** Opening Available data block **

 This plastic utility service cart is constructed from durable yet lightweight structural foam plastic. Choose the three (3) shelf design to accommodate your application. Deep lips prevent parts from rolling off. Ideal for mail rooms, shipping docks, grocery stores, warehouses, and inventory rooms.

** Closing Available data block **
** Opening Available data block **

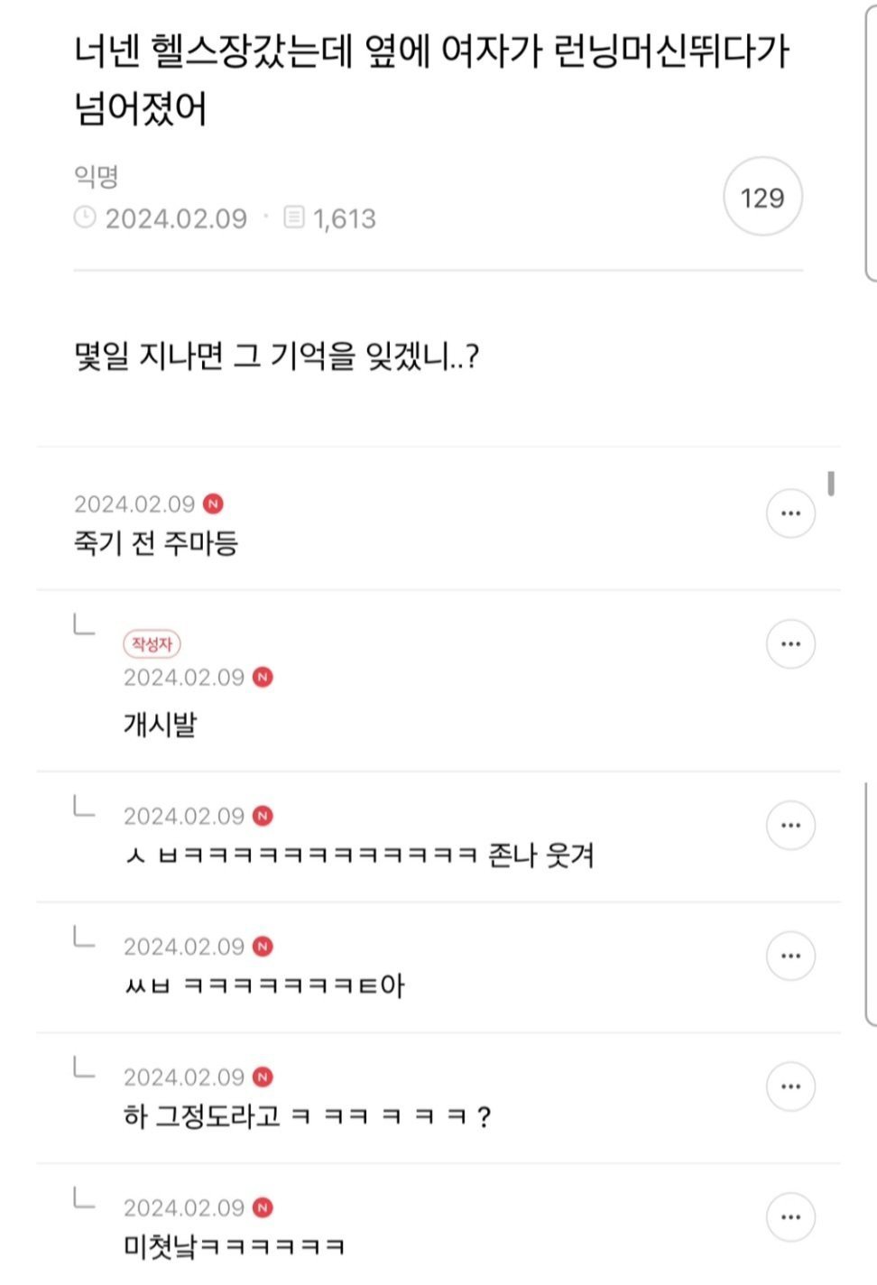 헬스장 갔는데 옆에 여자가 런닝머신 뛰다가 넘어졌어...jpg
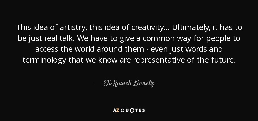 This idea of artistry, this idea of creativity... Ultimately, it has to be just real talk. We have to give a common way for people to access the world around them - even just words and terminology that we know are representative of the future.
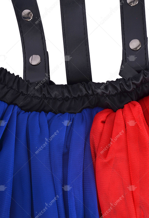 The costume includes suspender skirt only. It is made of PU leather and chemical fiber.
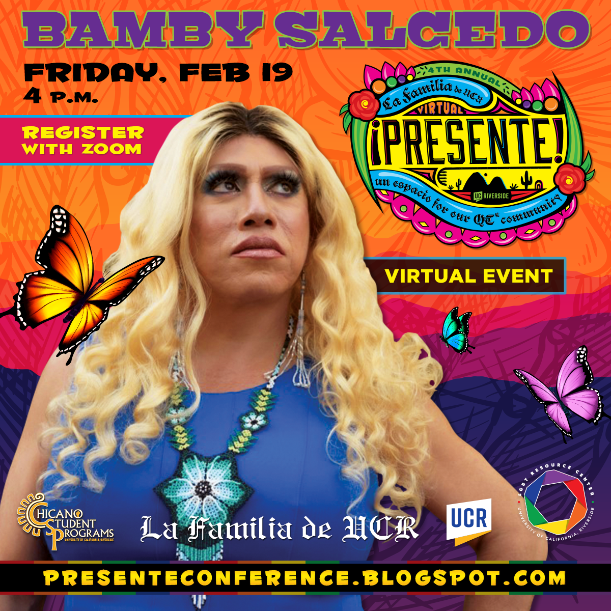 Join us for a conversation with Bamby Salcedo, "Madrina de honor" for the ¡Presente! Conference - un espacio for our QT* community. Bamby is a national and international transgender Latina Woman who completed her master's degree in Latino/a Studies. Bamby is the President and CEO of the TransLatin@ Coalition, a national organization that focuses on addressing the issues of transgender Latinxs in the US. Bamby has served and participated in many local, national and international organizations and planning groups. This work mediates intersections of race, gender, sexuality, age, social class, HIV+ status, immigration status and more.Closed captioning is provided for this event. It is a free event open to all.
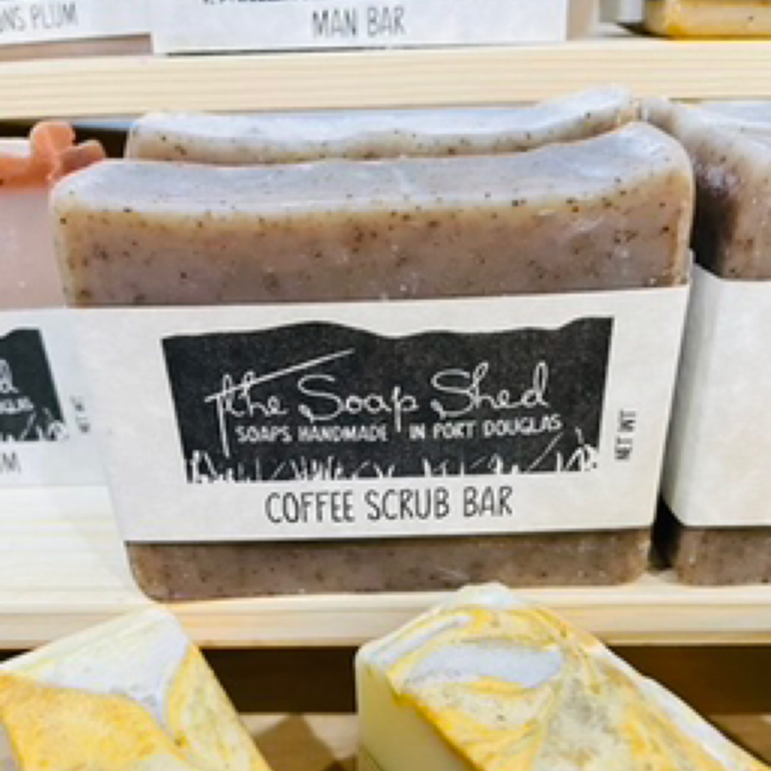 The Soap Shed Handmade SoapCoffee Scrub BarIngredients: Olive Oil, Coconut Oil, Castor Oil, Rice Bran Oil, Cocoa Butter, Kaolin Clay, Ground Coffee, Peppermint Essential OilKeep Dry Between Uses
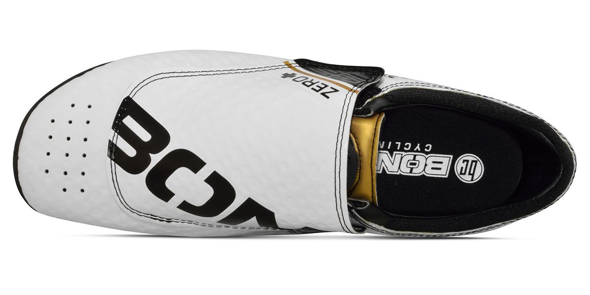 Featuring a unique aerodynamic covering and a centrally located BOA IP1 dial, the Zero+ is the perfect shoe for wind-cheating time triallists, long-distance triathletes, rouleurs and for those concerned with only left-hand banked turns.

** Closing Available data block **
** Opening Available data block **

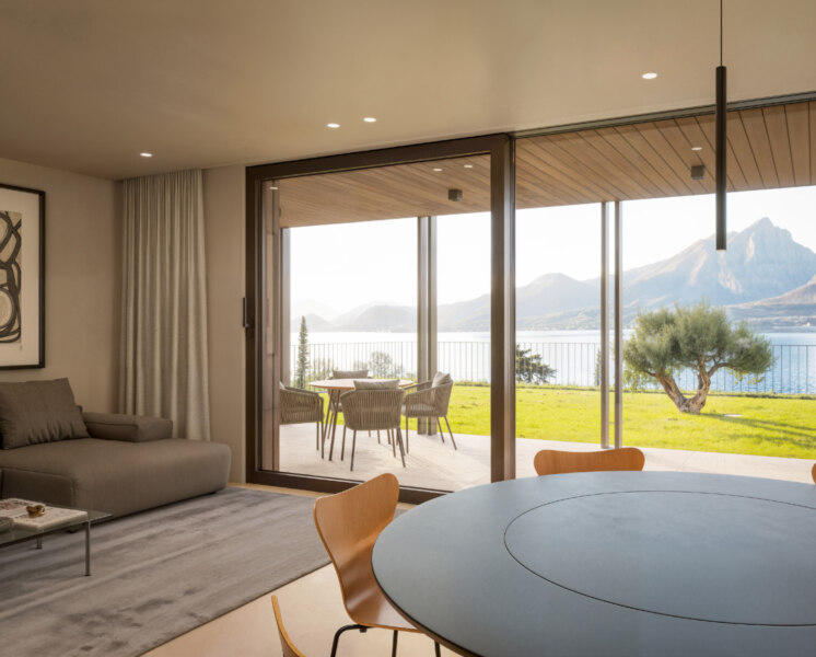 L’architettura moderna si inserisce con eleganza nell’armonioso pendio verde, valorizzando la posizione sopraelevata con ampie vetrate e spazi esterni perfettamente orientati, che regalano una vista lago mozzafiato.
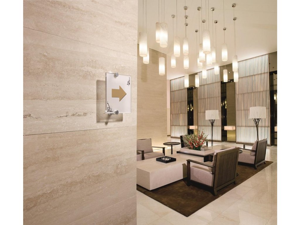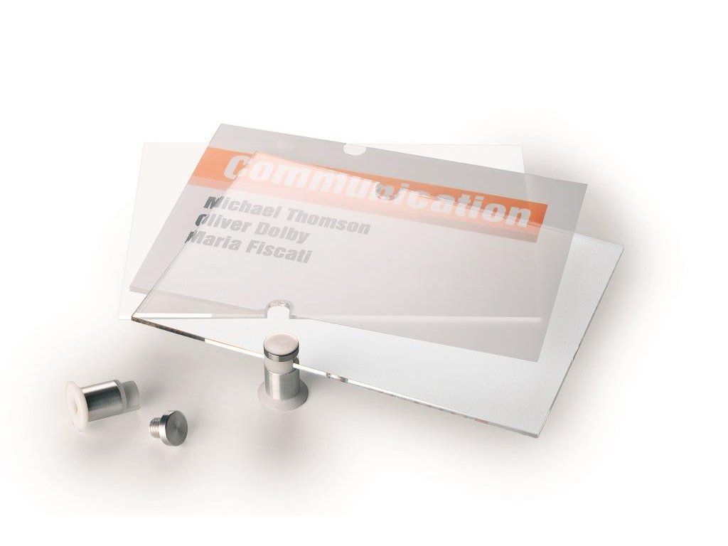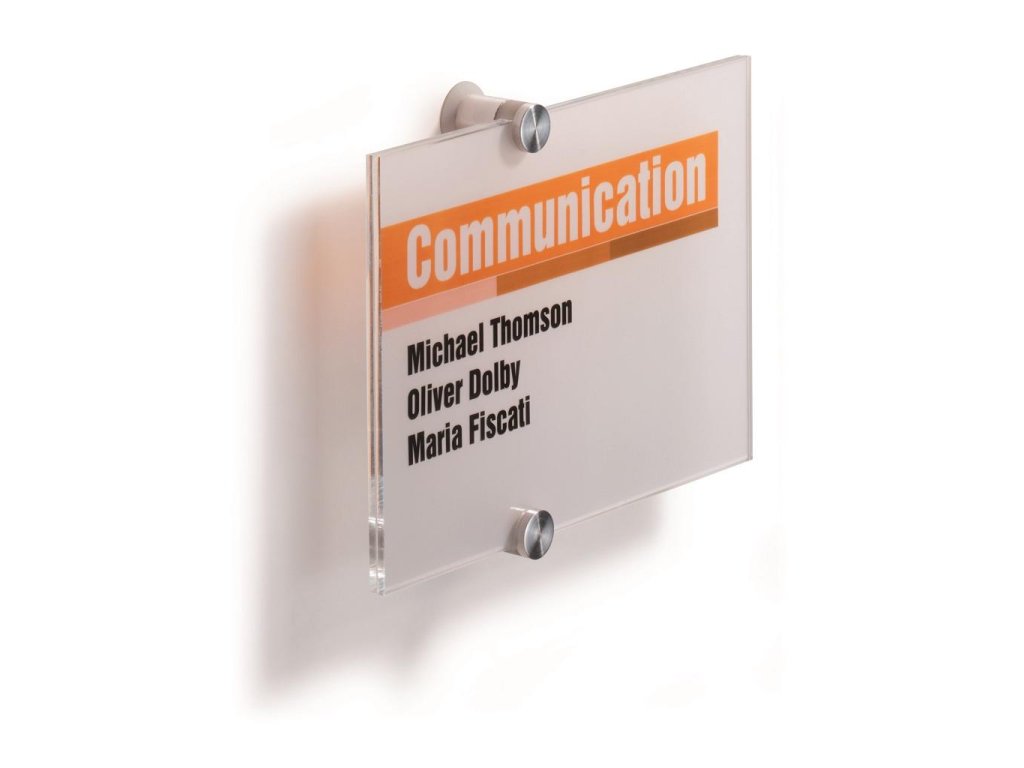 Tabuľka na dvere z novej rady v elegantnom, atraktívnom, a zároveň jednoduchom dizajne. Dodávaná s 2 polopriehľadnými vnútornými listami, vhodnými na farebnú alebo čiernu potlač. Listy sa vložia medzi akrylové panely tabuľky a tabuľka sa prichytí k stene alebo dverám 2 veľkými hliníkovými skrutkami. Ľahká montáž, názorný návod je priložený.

** Closing Available data block **

Exercise aim: Since the pictures are not part of the copy, please transcribe only the lines above from the one with "L’architettura moderna si" through the one with "Tabuľka na dvere", exactly and with both ends.

Output for this exercise:
 L’architettura moderna si inserisce con eleganza nell’armonioso pendio verde, valorizzando la posizione sopraelevata con ampie vetrate e spazi esterni perfettamente orientati, che regalano una vista lago mozzafiato.
 Tabuľka na dvere z novej rady v elegantnom, atraktívnom, a zároveň jednoduchom dizajne. Dodávaná s 2 polopriehľadnými vnútornými listami, vhodnými na farebnú alebo čiernu potlač. Listy sa vložia medzi akrylové panely tabuľky a tabuľka sa prichytí k stene alebo dverám 2 veľkými hliníkovými skrutkami. Ľahká montáž, názorný návod je priložený.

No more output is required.